Every family has a golden child, and Seb was ours. If I got an A-minus, I was grounded. If he got a C-plus, he got a prize. If I brought the car back without filling the gas tank up, I had to fill it the next two times if it needed it. If he did, it was, “Oh, don’t worry about it. You’re busy.”

I sounded like a jealous freak. And maybe there was some truth in that. But years of seeing him use her as a doormat and I no longer cared how it looked or what it said about me. Our mom deserved better.

The three cards were all dated a week apart. It had been longer than I realized since I grabbed my mail. I opened the oldest one and pulled out the card, a save-the-date for my brother and his fiancé.

Seb and Kyle were finally getting married.
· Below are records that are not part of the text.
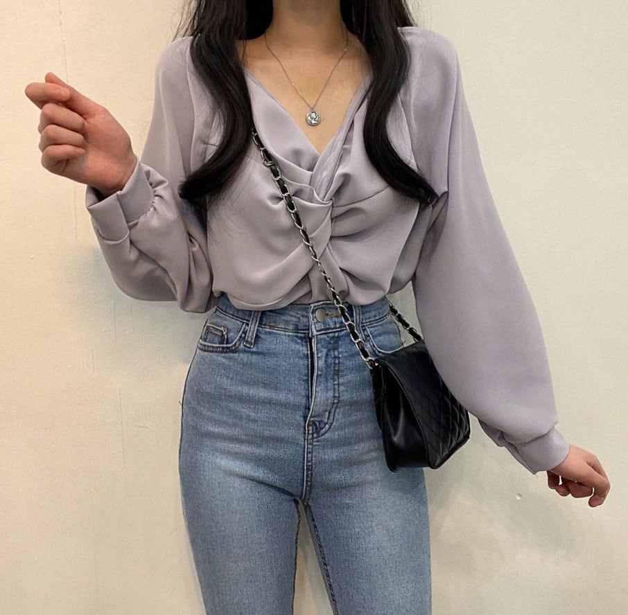 秋新作 フレンチシック シャーリングシャツ|ツイストデザイン 長袖ブラウス|M-2XL ブルー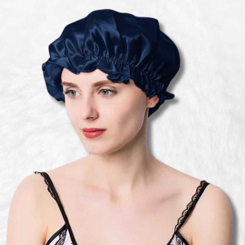 Made from high-quality silk, the dark blue silk sleep cap retains your hair's natural moisture and protects it from damage overnight. In no time, you'll notice softer, smoother, and shinier hair. This sleep cap is not only functional but also stylish. Its deep midnight blue tone adds a touch of sophistication to your nighttime style.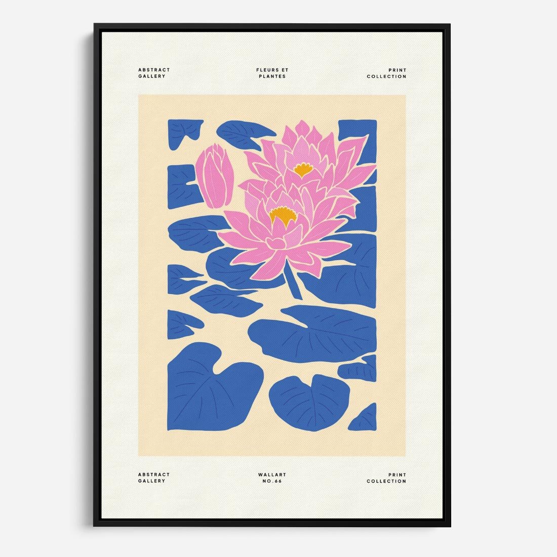 Ten nowoczesny plakat ukazuje pastelowe lilie wodne w odcieniach błękitu i różu, tworząc spokojny i oniryczny obraz. Sztuka ta jest idealnym dodatkiem do sypialni, tworząc atmosferę sennej harmonii i piękna natury.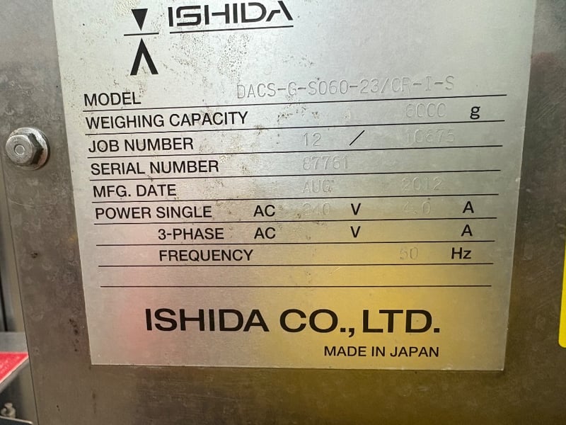 Check Weigher Ishida Check Weigher – DACS-G-S060-23/CR-I-S (Dual Conveyors + Perspex Cover) Make / Model: Ishida DACS-G-S060-23/CR-I-S Serial Number: 87761 Configuration: Dual conveyors, total width ~120 cm, with perspex cover / enclosur Key Features & Highlights • Ishida DACS-G series quality control checkweigher (mid-range, S060 class) • Dual-lane conveyor configuration (combined ~120 cm width) for high throughput or multi-lane packaging • Perspex cover / enclosure over weighing area for dust / contamination protection • Hygienic stainless steel frame, open design for cleaning • Tool-less belt removal, modular construction • Supports various reject mechanisms (air jet, pusher, etc.) • Integrated data export (USB / Ethernet / serial) for reporting • Adjustable belt height to align with upstream / downstream equipment • Overload protection (DFL — Dislocation Force Limiter) to protect load cell Location: Mawson Lakes, South Australia Contact: Gage Mackay - 0458 732 549 or [email protected] Inspection: Wednesday 12th, 9am - 1pm ** Important Notice to Buyers ** Customers MUST sign in on site for inspections and collections Site safety gear is mandatory for all visitors: this includes a high-visibility top, and steel cap boots. The buyer is fully responsible for the dismantling and decommissioning of any electrical, plumbing and gas components. This work must be carried out by a qualified tradesperson. Buyers must provide their own tools, labor, lifting equipment, and transport to ensure the safe removal of the asset. If required, the buyer must organize a crane or Franna at their own expense. All contractors must carry current insurance and comply with Occupational Health and Safety (OHS) regulations. After asset removal, the site must be left clean and tidy. Inspection is highly recommended prior to purchase and removal.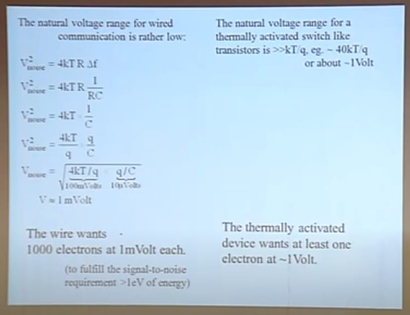 Thinking of this as accumulating noise on the Landauer scale at each nanoscale transmission step will give incorrect results in other contexts. For example, this isn’t a cost per length for end-to-end communication via something other than spreading an electron across the entire interconnect. If you have a long interconnect or coaxial cable, you’ll signal using voltage transmitted at the speed of light over conduction electrons, and then you can just think in terms of resistance and capacitance per unit length and so on. And because you need 1V at the output, present devices signal using 1V even though 1mV would overcome voltage noise in the wire. This is the kind of interconnect people are mostly talking about when they talk about reducing interconnect power consumption.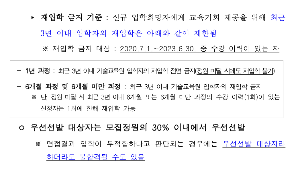 훈련생 정원의 30%는 사회적 배려층을 우선 선발하며, ▴국민기초생활보장법에 의한 수급권자 및 차상위계층 ▴국가유공자 ▴5·18 민주유공자 ▴사회복지시설 거주자 ▴한부모가족지원법에 따른 지원대상자 등입니다.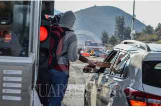 CHILPANCINGO, GUERRERO, 07FEBRERO2018.- Alumnos de la normal rural Raúl Isidro Burgos de Ayotzinapa, desde las siete de la mañana tomaron el control de la Caseta de Pablo de la autopista del Sol y dieron paso a los automovilistas a cambio de una cooperación. FOTO: JOSÉ I. HERNÁNDEZ / CUARTOSCURO.COM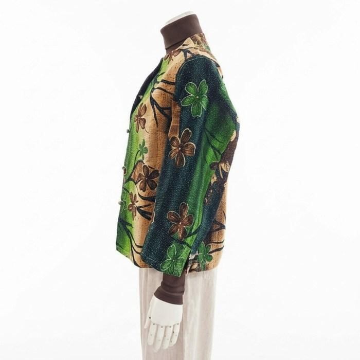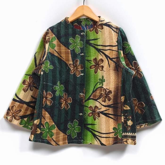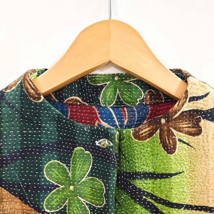 ラリーキルトジャケット 一点もの 26s706 東京カンカン NATIVE WORKS 花柄 グリーン 緑 刺し子刺繍 ショート丈 七分羽織 ハンドメイド 個性 春夏秋冬 綿 母の日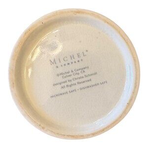 This ceramic canister by Michel & Company evokes a vintage charm with its embossed texture, delicate floral design, and sculptural lid. A functional yet decorative piece.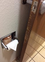Just kidding. I can’t rhyme for crap. This happened….the shower was an excellent massage—for my lower back. I can never decide whether to bend over frontwards and grab my ankles in order to rinse my hair or limbo under a progressively lower shower curtain rod. Do you see anything funny about the toiletry shelves in here? I am a girl who loves a toiletry. I could start a store in this shower. I didn’t take a picture of the floor because I am pretty sure you can catch hepatitis from looking at a picture of it. The door frame looked like the basement door from It and the door from that movie The Knowing had a dirty door love child. The bath towels were about the size of a paper towel. And not nearly as cuddly. I laughed trying to figure out whether to cover my boobs or my butt. “Um, can I borrow a towel, my car just hit a water buffalo.” Last, and certainly not least… Who makes a TP pointy when there are seven sheets of TP left? Um, the jig is up. There is no way to fold TP without TOUCHING it! Those squares have been rendered useless. And the rest of the roll is suspect. Pointy TP is weird.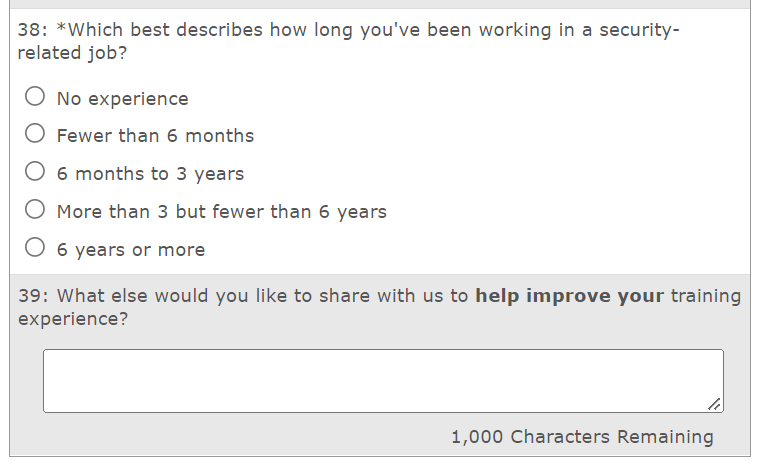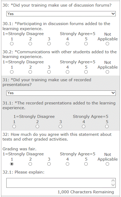 The actual survey appears as one web page; this enables the respondent to view the entire set of questions, except the questions that appear only when a specific option is selected. The pagination of this document accommodates the screen capture images.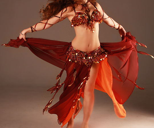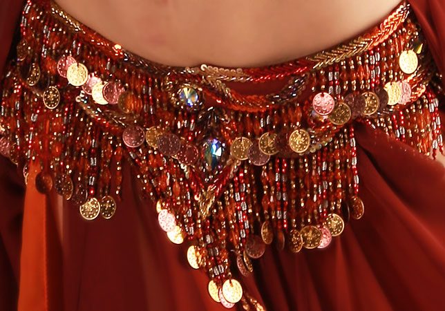 Includes: bra, belt, skirt, necklace, half-circle chiffon veil. Fabric is rust (between brown and burgundy) and orange chiffon. Beading: orange, brown, red and gold; 19 AB crystal stones; lightweight copper and gold coins.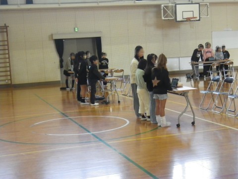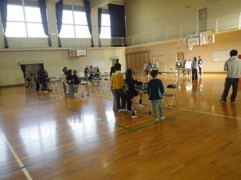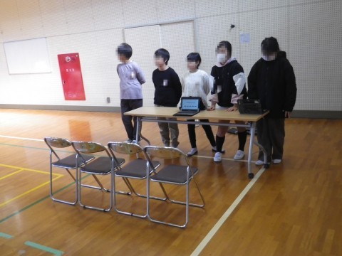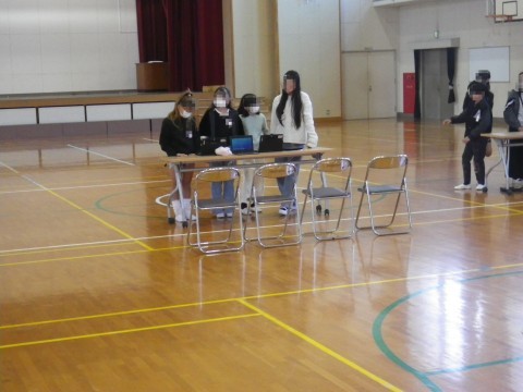 明日の学習参観は,体育館で行います。総合的な学習の時間に,北海道のえりも岬小学校とオンラインで交流します。そのための調べ学習の様子や調べたことを保護者の方に見ていただきます。その準備をしていました。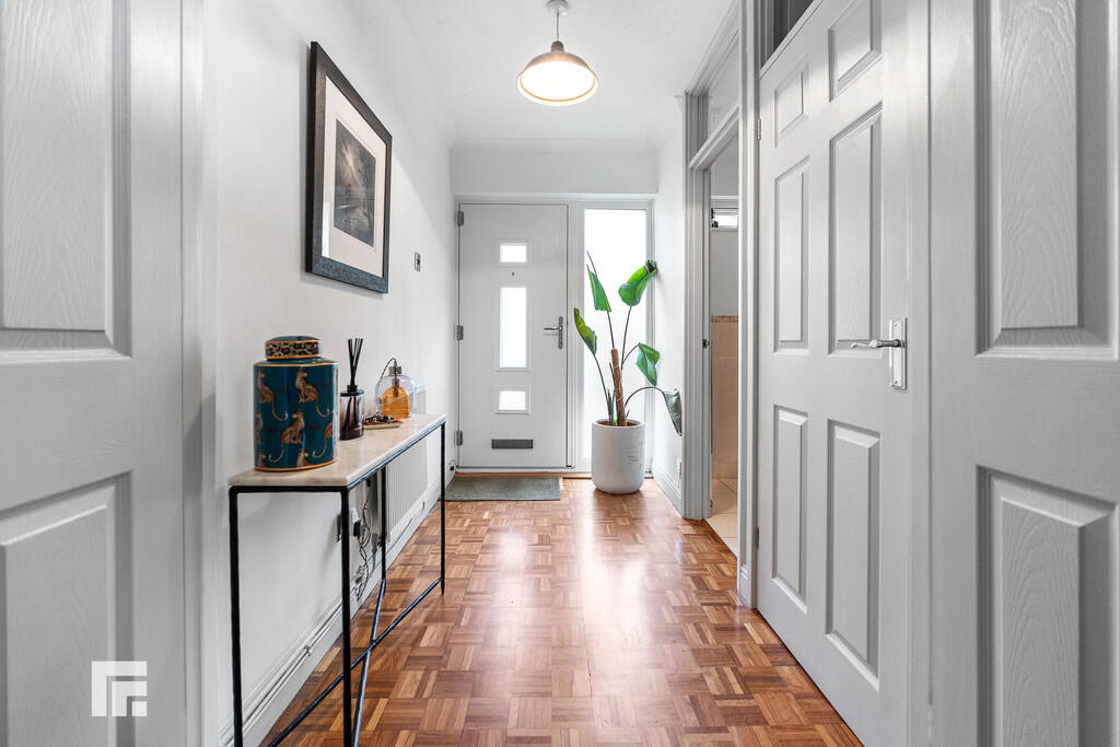 ENTRANCEHALLWAY Approached via a composite front door with double glazed windows to centre part, obscure double glazed window to side of front door, leading to the entrance hallway, wood flooring, large storage cupboard, radiator and double opening doors to dining room. Door to cloakroom.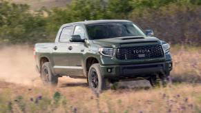 - Pros: The Toyota Tundra full-size pickup truck is a staple in the truck world as it provides good off-road prowess, a comfortable, spacious cabin, and a standard V8 engine.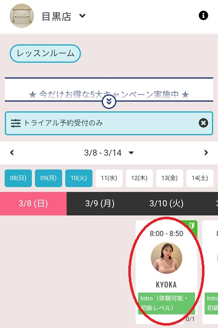 Step1.予約サイトから体験レッスン予約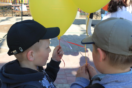 Любой из присутствующих на детской площадке мог написать пожелание на листке, привязать к шарику и запустить его в небо. Сделали это и А.Хуциев и И.Поздеев: директор Коми филиала пожелал процветания городу, градоначальник – процветания компании.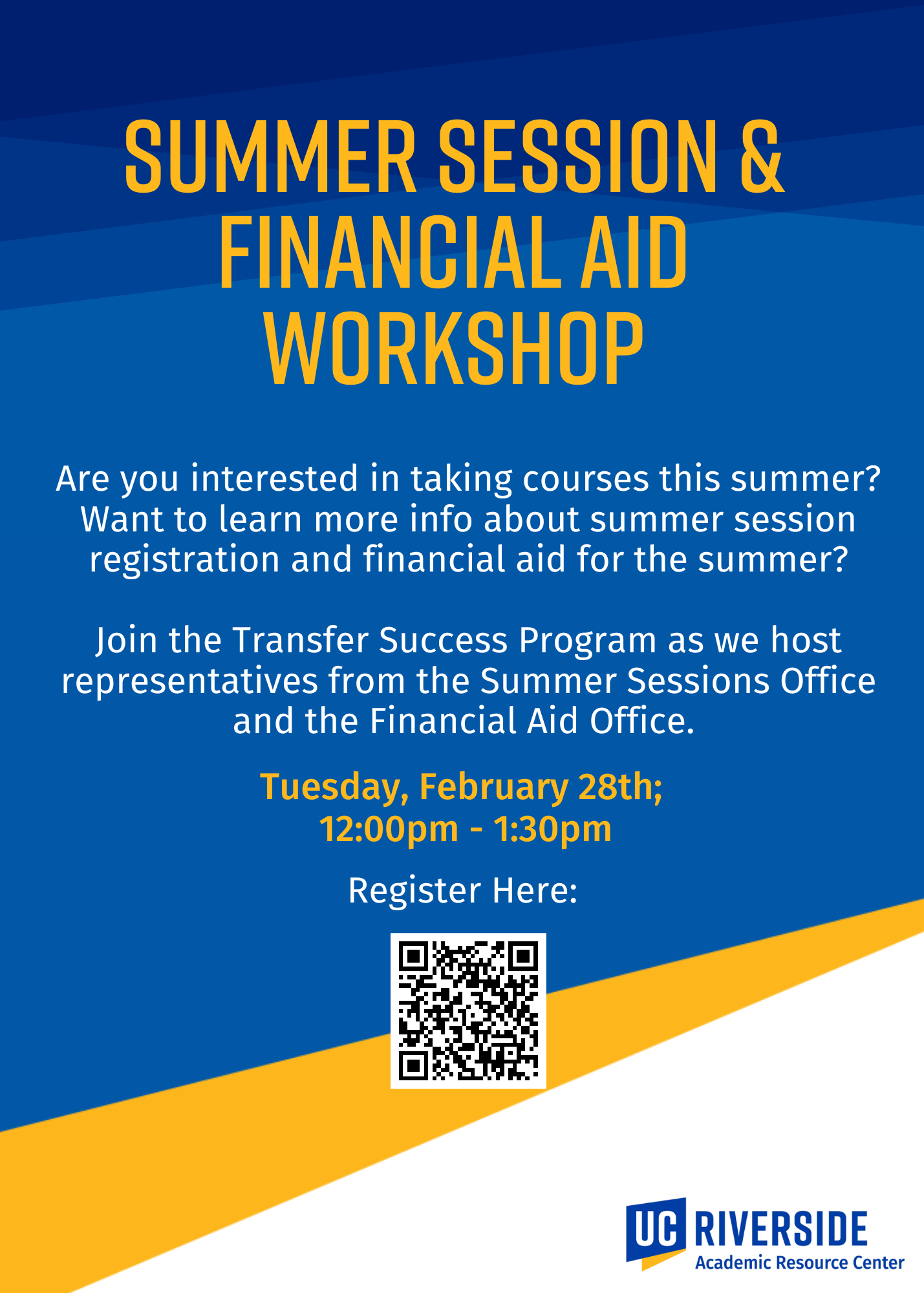 Interested in taking summer session courses at UCR? Join our workshop and gather information about the process from Summer Sessions and Financial Aid Office representatives.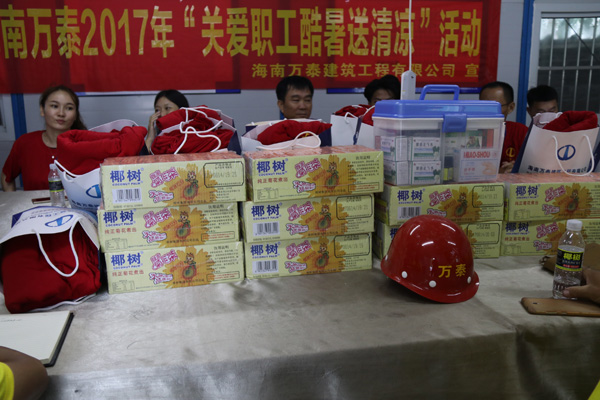 本次送清涼活動,海南萬泰公司共送出14箱菊花茶,400件T恤以及部分應(yīng)急醫(yī)藥品。項目部林總代表項目工人對公司的關(guān)懷及慰問表示由衷的感謝。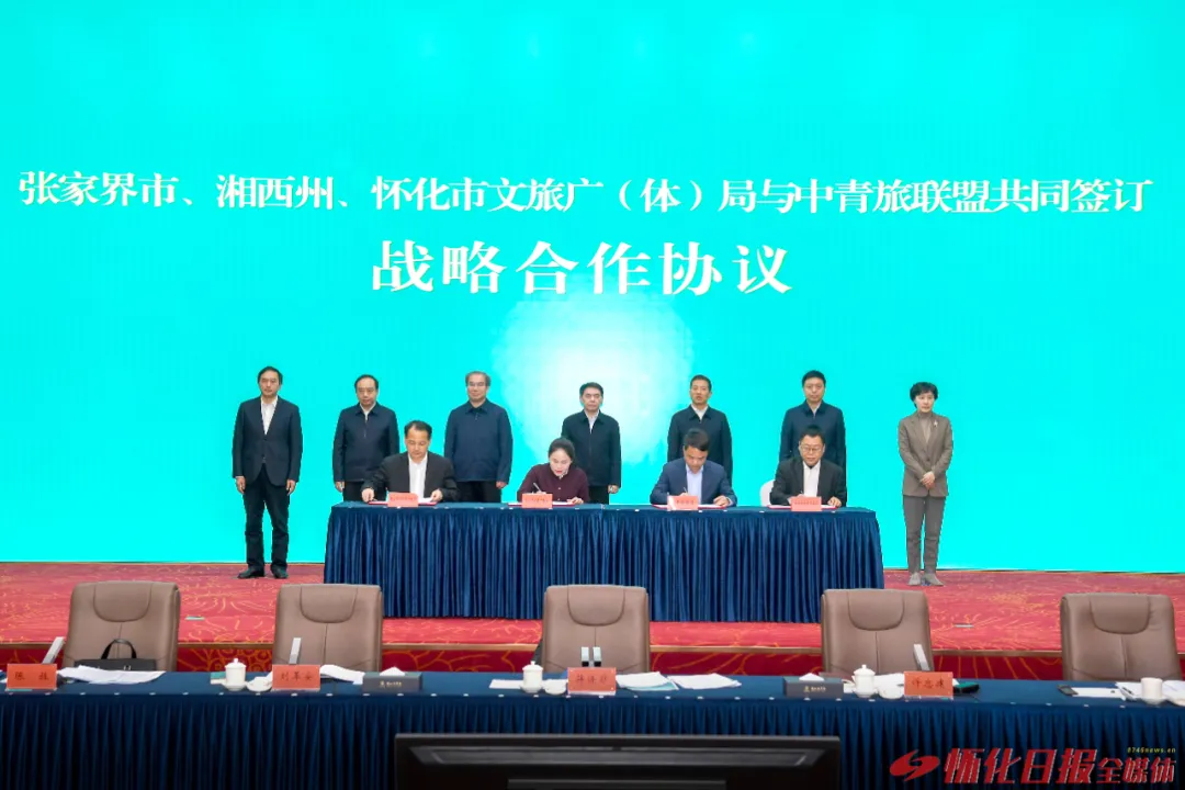 (三市州文旅廣(體)局與中青旅聯(lián)盟共同簽訂戰(zhàn)略合作協(xié)議。以上照片均由懷化日報全媒體記者 楊智偉 攝)(湖南日報全媒體記者 周紫云 易鑫 懷化日報全媒體記者 補秀梅)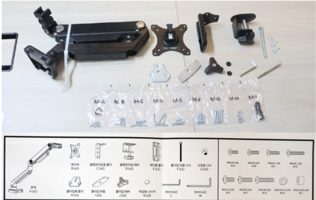 데스크 환경을 고려하여 고정형태를 선택하고 그에 맞는 부품으로 모니터암에 조립하면 됩니다.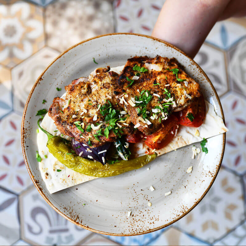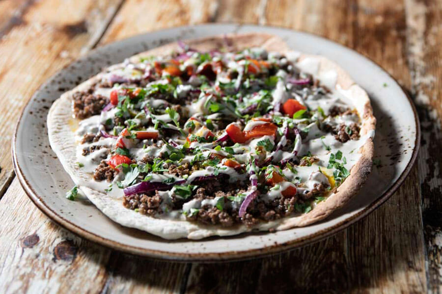 Grilled pita stuffed with minced beef, bone marrow, onion and spices, served with fresh green salad
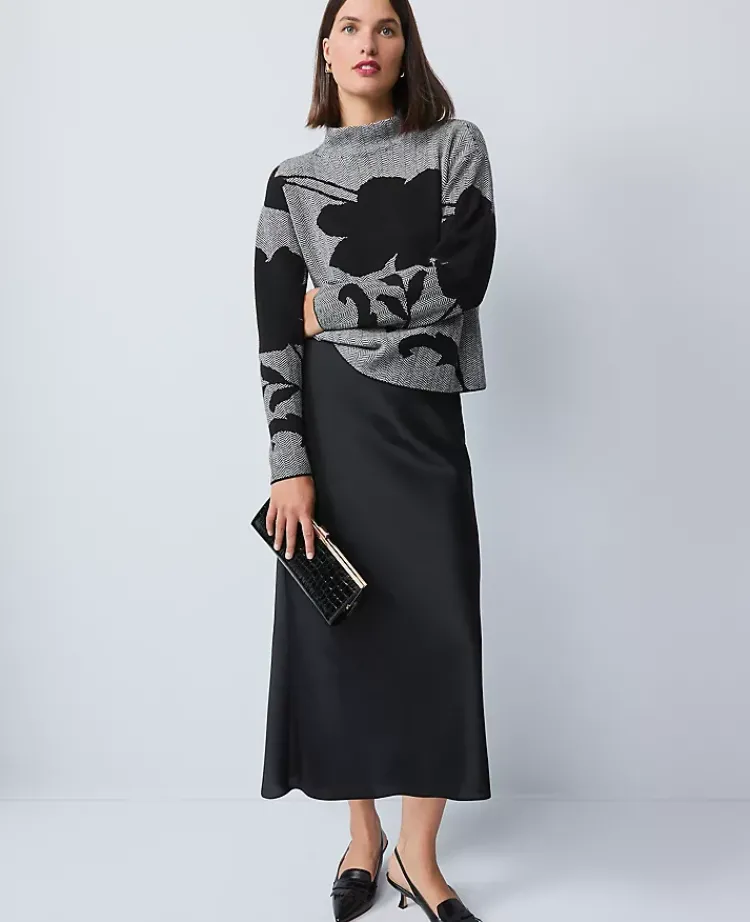 Ann Taylor Skirts|Satin Bias Midi Slip Skirt Black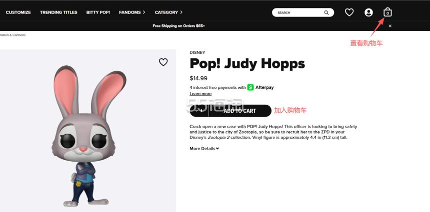 5. 账号注册好之后就可以开始购物啦,选择你想买的产品,进入到详情页,点击“ADD TO CART”将产品加入购物车,也可点击页面右上角的购物袋查看购物车。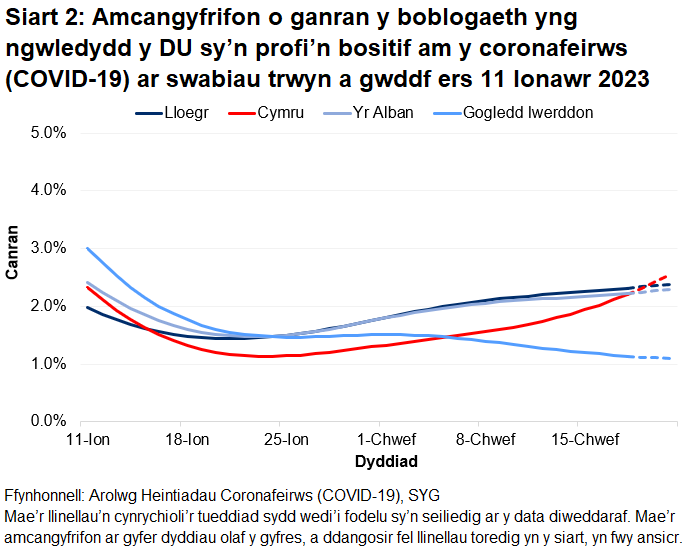 Mae rhywfaint o ansicrwydd o ran yr amcangyfrifon pwynt unigol ar gyfer y gwledydd. Mae’r amcangyfrifon ar gyfer dyddiau diwethaf y gyfres, a ddangosir fel llinellau toredig yn y siart isod, yn fwy ansicr.
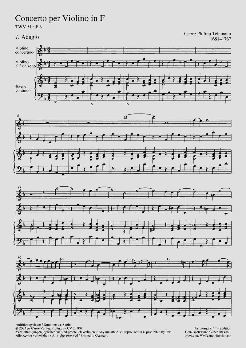 Concerto per Violino in F TWV 51:F3

They’d been together forever, and he seemed nice enough. When I first met him, I had a splinter of hope that he’d help my brother see the error of his ways. So far, that has turned out not to be the case.

I’d have felt bad for him, but he knew what he was getting into with Seb. It wasn’t like my brother ever pretended to be anything but what he was. Heck, the first time I’d met Kyle, my brother joked about having a connection to the mob. Who does that? But for whatever reason, Kyle wasn’t fazed by that or anything else my brother did. .

As this was the save-the-date, my guess was there was a wedding invitation in one of these other two envelopes. The third one? That had me curious. Sure enough, the wedding invitation was next. It didn’t even have a plus-one. No, I wasn’t dating anyone, but a plus-one was a common courtesy. The RSVP date was next week.

With such short notice, I could probably get away with saying I was already scheduled for a business trip. I didn’t need to spend my day with people who made me miserable. The only reason they’d invited me with such short notice was so I wouldn’t be able to go. No way they actually got the venue this close to the event.

“What are you?” I tore open the last card, and it was the worst of the lot. I’m so glad you’re Seb’s best man.

“I’m the what?”

At the bottom was a note from his fiancé: Your mom thought this would be a great way for you two to mend some fences.

Fuck.

They brought my mom into it, which meant they’d had a family meeting… without me. And that was... argg . So much for skipping the wedding.

“I can do this. I can suck it up for one day, go to the wedding, stand there, pretend he’s a semi-decent human being and that I’m happy for him, and be done.” I had a friend in town who was overseas for an extended work trip. I could probably even “house-sit” their apartment and not need to be around my family too much. I could do this.

Probably. Maybe.

Please let there be an open bar. At least then, I could drink my way through it. And if that caused a scene, so be it. It wasn’t like he hadn’t done worse over the years to me.